◆ **Exercise directions**:
Pictures in the entries below are excluded; copy only the lines from the one containing "The My Broom" to the one containing "так и спецтехника.", both included.

◆ **Data**:
* * * * * * * * *

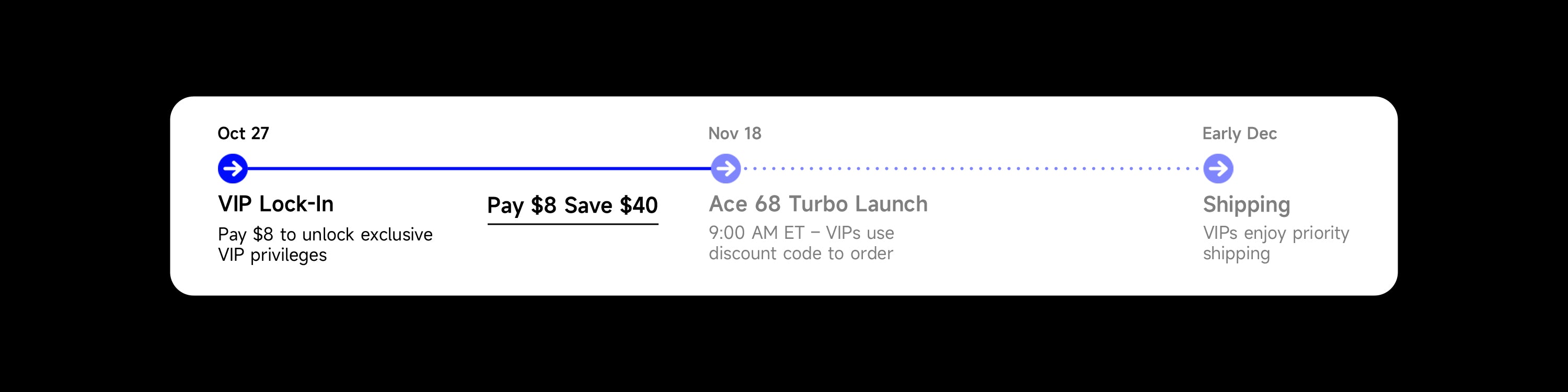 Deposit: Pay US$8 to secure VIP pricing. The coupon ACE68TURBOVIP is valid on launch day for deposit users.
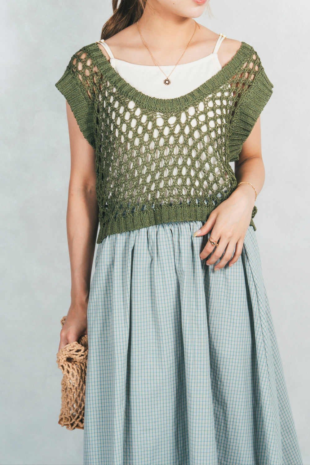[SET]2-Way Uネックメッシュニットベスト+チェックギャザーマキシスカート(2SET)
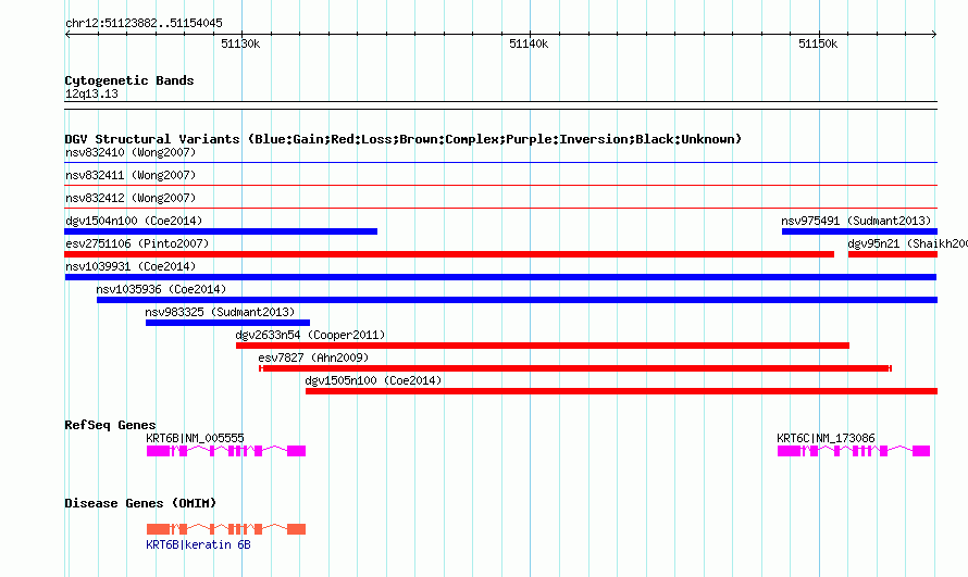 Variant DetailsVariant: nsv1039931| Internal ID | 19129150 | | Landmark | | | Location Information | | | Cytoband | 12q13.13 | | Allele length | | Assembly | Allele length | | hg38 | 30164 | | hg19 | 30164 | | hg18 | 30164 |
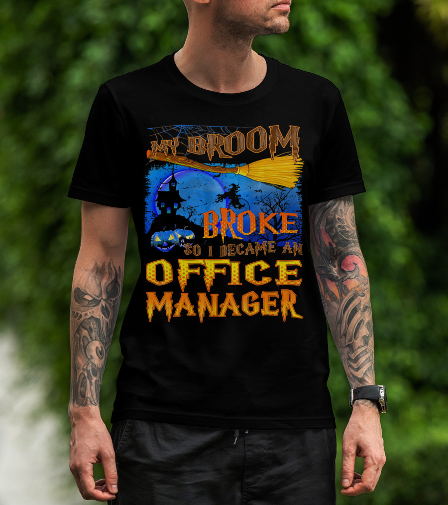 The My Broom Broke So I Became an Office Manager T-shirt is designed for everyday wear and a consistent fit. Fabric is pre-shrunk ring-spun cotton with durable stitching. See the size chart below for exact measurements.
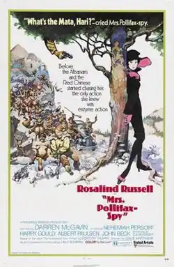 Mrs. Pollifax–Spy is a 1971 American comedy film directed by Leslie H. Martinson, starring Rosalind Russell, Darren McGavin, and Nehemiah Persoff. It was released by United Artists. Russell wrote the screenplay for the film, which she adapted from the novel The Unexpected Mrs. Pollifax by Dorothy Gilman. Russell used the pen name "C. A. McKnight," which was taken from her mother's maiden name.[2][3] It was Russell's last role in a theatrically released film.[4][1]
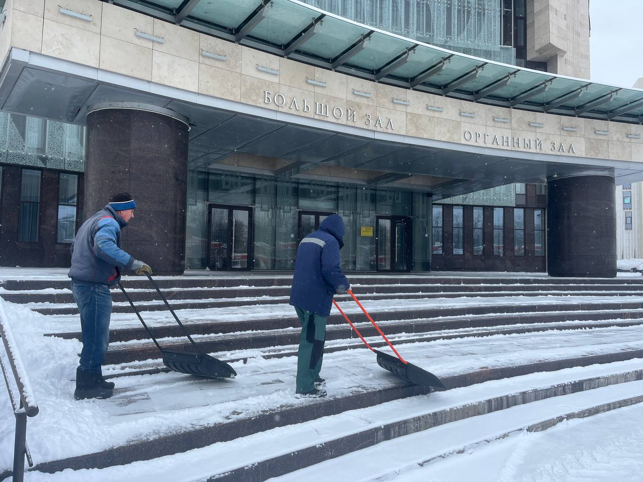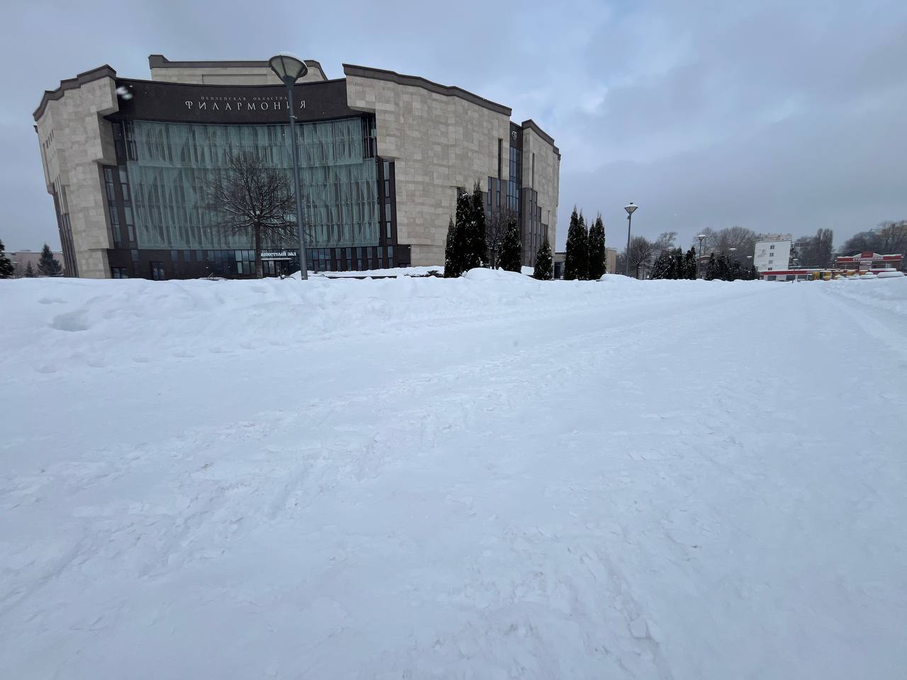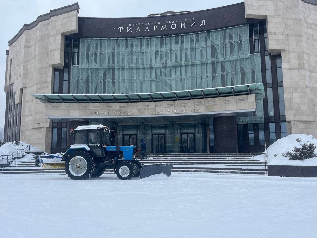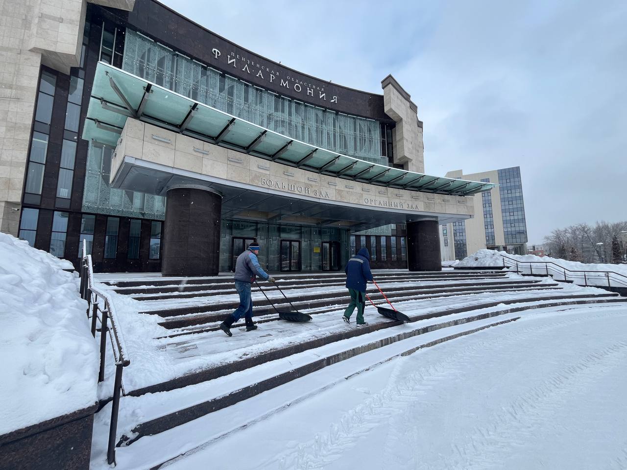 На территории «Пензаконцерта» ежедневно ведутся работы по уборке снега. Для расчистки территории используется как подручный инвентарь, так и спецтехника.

* * * * * * * * *

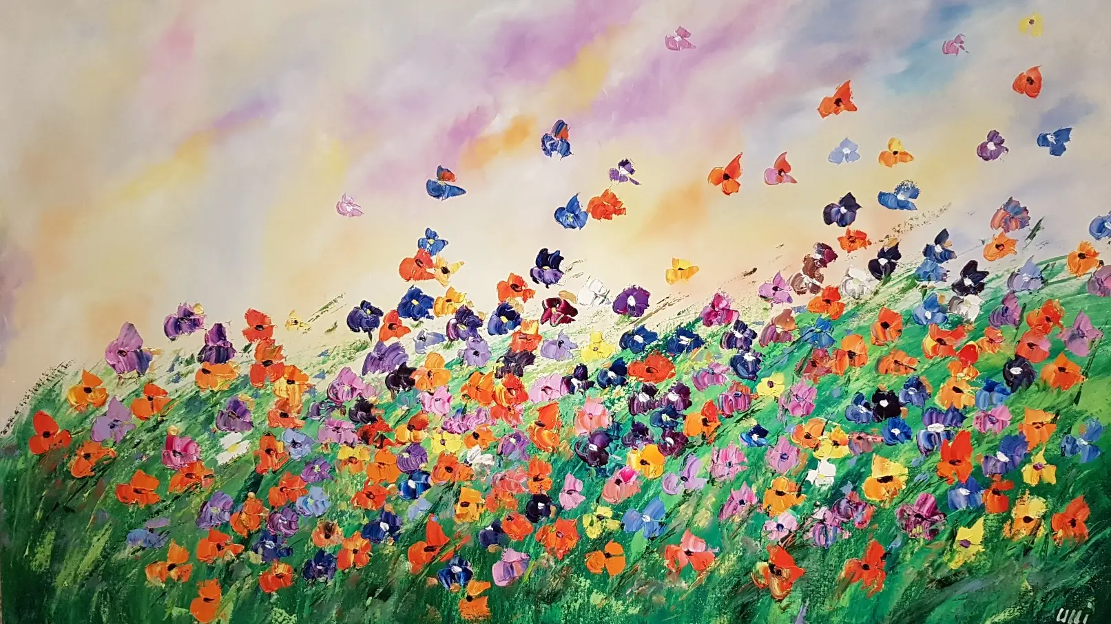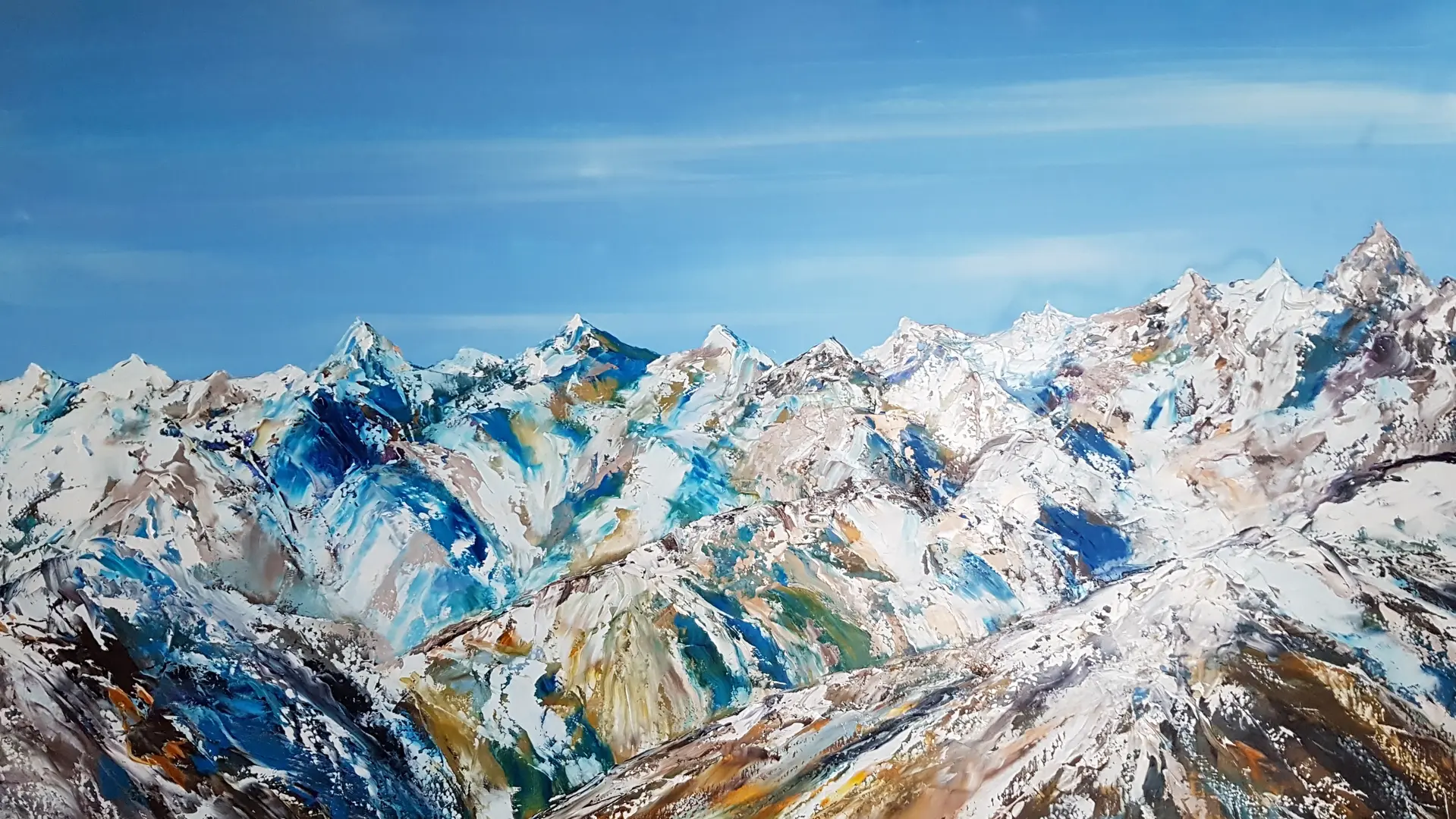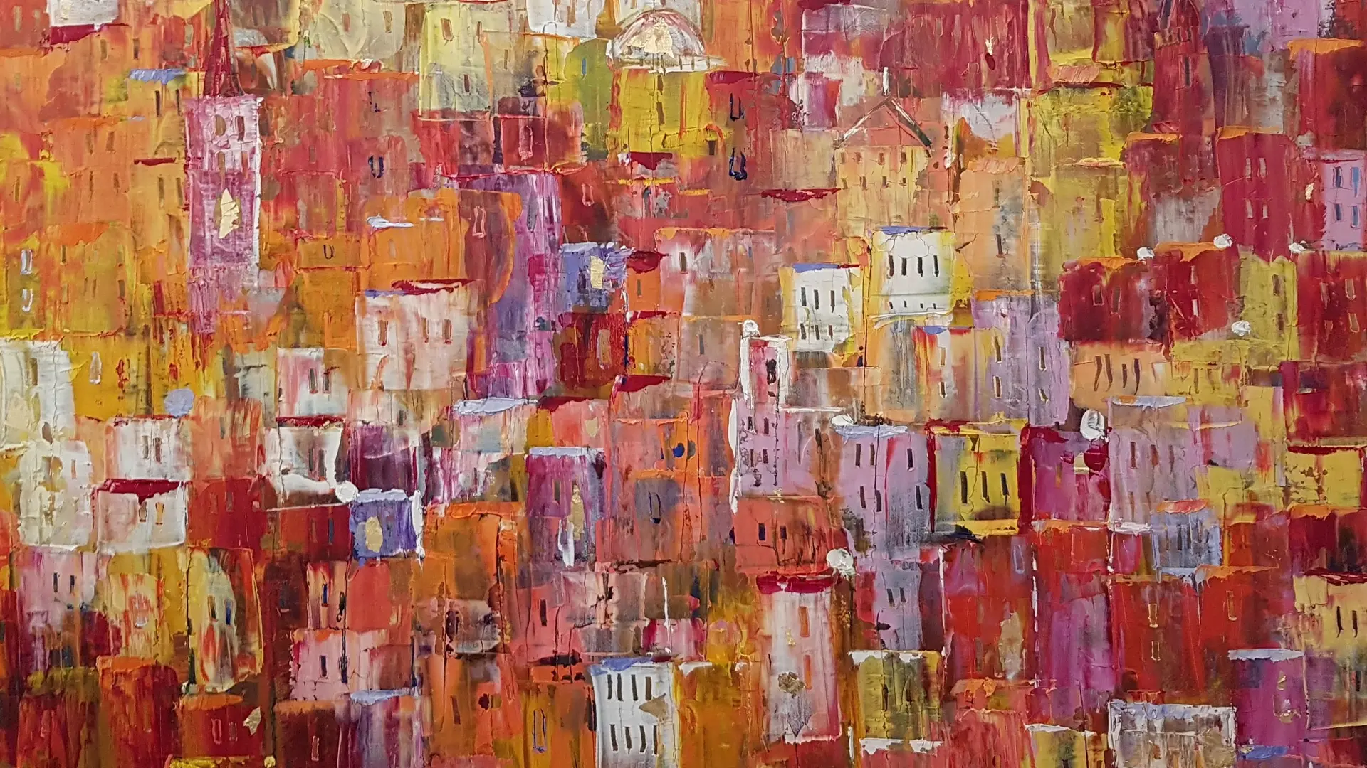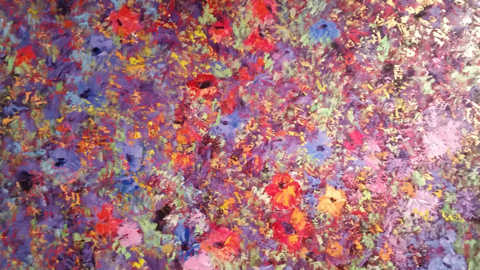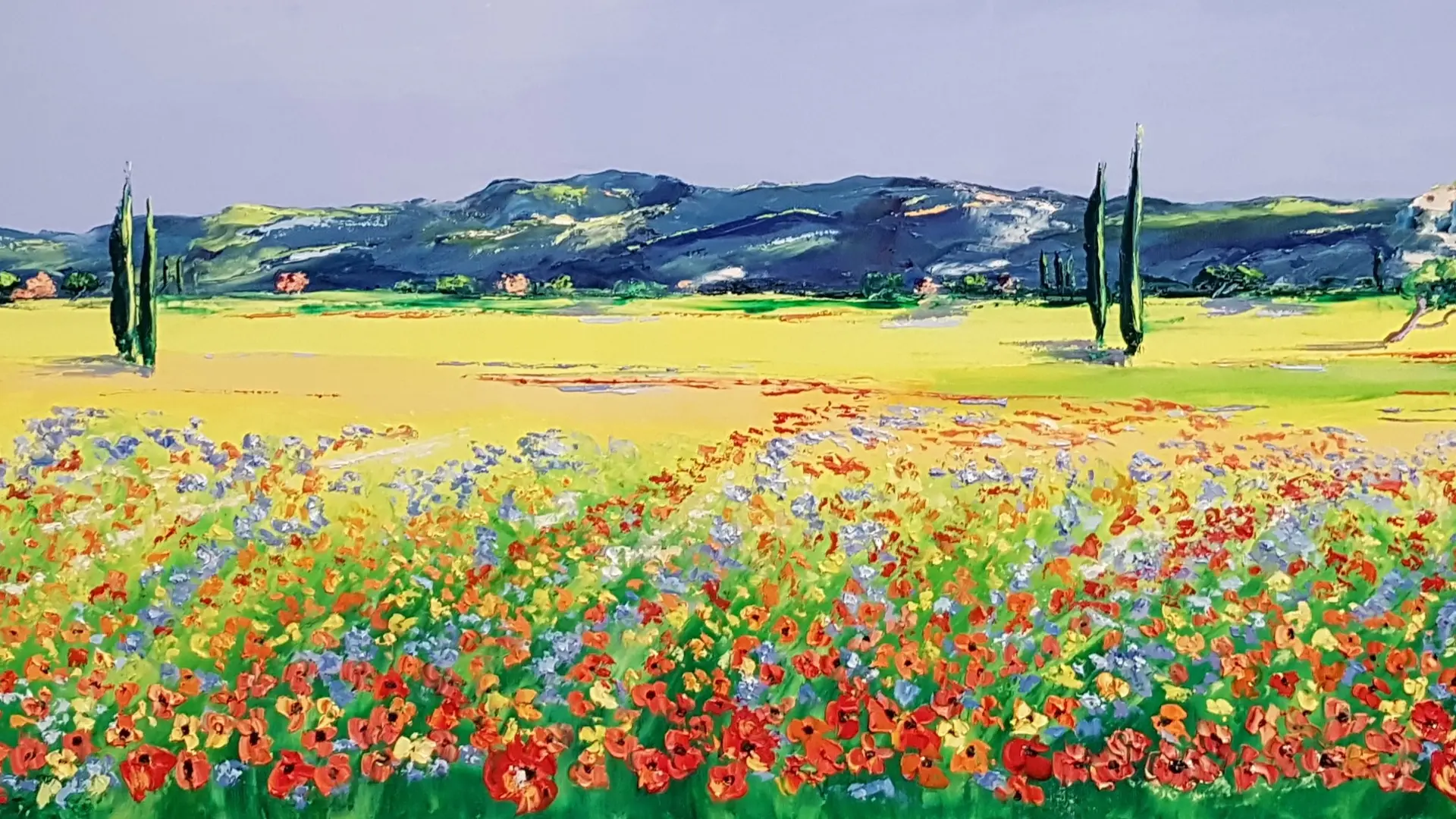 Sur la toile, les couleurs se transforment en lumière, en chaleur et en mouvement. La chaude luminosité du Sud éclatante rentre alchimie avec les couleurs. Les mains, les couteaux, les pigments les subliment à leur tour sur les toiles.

* * * * * * * * *

◆ **Exercise response**:
 The My Broom Broke So I Became an Office Manager T-shirt is designed for everyday wear and a consistent fit. Fabric is pre-shrunk ring-spun cotton with durable stitching. See the size chart below for exact measurements.
 Mrs. Pollifax–Spy is a 1971 American comedy film directed by Leslie H. Martinson, starring Rosalind Russell, Darren McGavin, and Nehemiah Persoff. It was released by United Artists. Russell wrote the screenplay for the film, which she adapted from the novel The Unexpected Mrs. Pollifax by Dorothy Gilman. Russell used the pen name "C. A. McKnight," which was taken from her mother's maiden name.[2][3] It was Russell's last role in a theatrically released film.[4][1]
 На территории «Пензаконцерта» ежедневно ведутся работы по уборке снега. Для расчистки территории используется как подручный инвентарь, так и спецтехника.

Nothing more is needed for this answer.